Our First Interstellar Mission: Breakthrough Starshot
I had the opportunity to speak with Pete Worden, the director of the Breakthrough Initiatives, aiming to leverage cutting edge technology to enable interstellar travel of automated probes, the Starshot project.
Pete Worden, the head of the Breakthrough Starshot initiative, has always been fascinated by the idea of interstellar travel. He believes that now is the right time to attempt turning this science fiction concept into reality. The initiative has identified laser-driven light sails as the most promising method for sending probes to nearby star systems within this century.
Summary of our conversation
Edited transcript
David: Pete Worden, thank you very much for being with me here today. You are heading the Breakthrough Starshot initiative, which is our first serious attempt for an interstellar mission. Why did you decide that, as crazy as it still is, this was the right time to attempt to turn science fiction into reality?

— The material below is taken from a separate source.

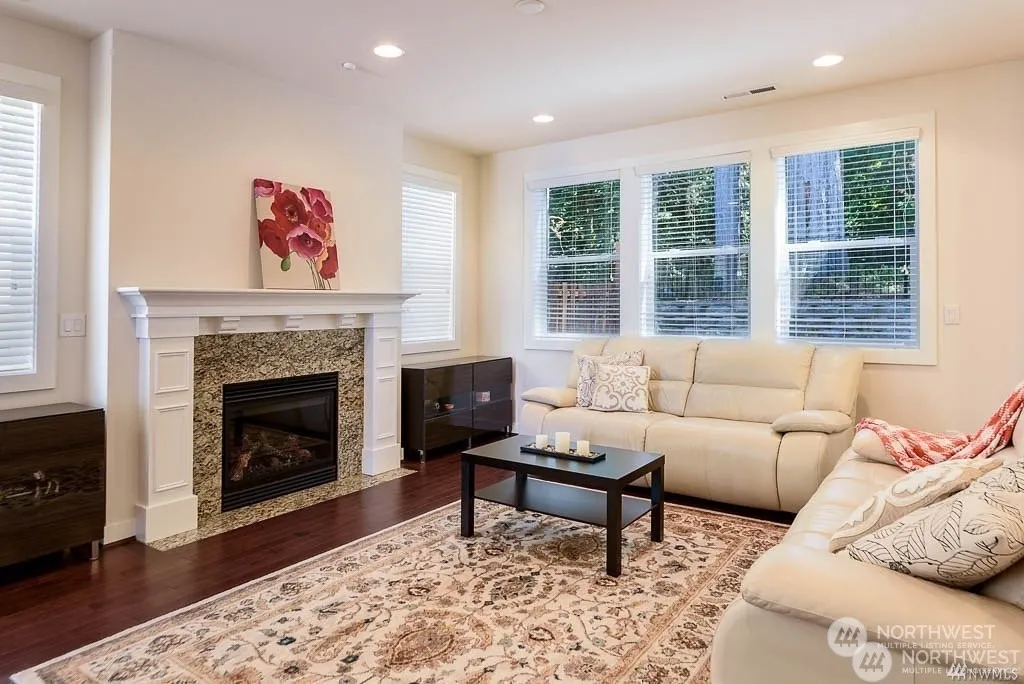 Perfectly charming 3 bed/ 2.5 bath home in Issaquah Highlands. This 2013 home is Meticulously maintained & upgraded. Open floor-plan great for entertaining. Kitchen features with pull out cabinets and stylish granite, GE cafe stainless appliances, under cab lighting, soft-close doors. Hardwood throughout main. 5-piece master bath w/walk-in closet & Central A/C. Fully fenced backyard adjoins protected green belt. Huge walk-score, close to all amenities, I90, P&R, Corp shuttles, Parks, trials, Restaurants, movie Theater, Stores. Award wining Issaquah school district.

Pete: I’ve always had a strong interest in going to the stars, since I was a little boy in the 1950s. The first books my mother gave me were on wonders of the stars and wonders of the planets. I thought the stars were a lot more interesting. I asked her, I think at the age of six, what do people do that study the stars? She said they’re called astronomers. So I was pretty insistent I wanted to be an astronomer. Of course, I was a teenager during the Apollo program and felt it was only a matter of time before we developed technologies that would enable us to at least send probes, and maybe even eventually send people, interstellar distances. When I worked with NASA, I kept pushing various interstellar ideas. As an astronomer, one of my strongest interests is nearby stars, particularly if we can find planets there. So it was a natural opportunity when the founder of the initiative, Yuri Milner, told me he was very interested in figuring out how we could send probes to the nearest stars this century. I jumped on the opportunity.
David: The challenges that Breakthrough Starshot has to solve are still numerous – in propulsion, in engineering the probe, and so many others. How do you evaluate the progress being made on each? And how do you organize the collaboration that is needed among so many different disciplines to ensure concrete progress is achieved?
Pete: We’re just completing our first phase, which was a fundamental assessment of the feasibility of the mission. The very first phase was figuring out which method to use. Frankly, the only one that looked promising this century was laser-driven light sails. You would accelerate a very small spacecraft attached to a light sail with a very powerful laser to 20% the speed of light.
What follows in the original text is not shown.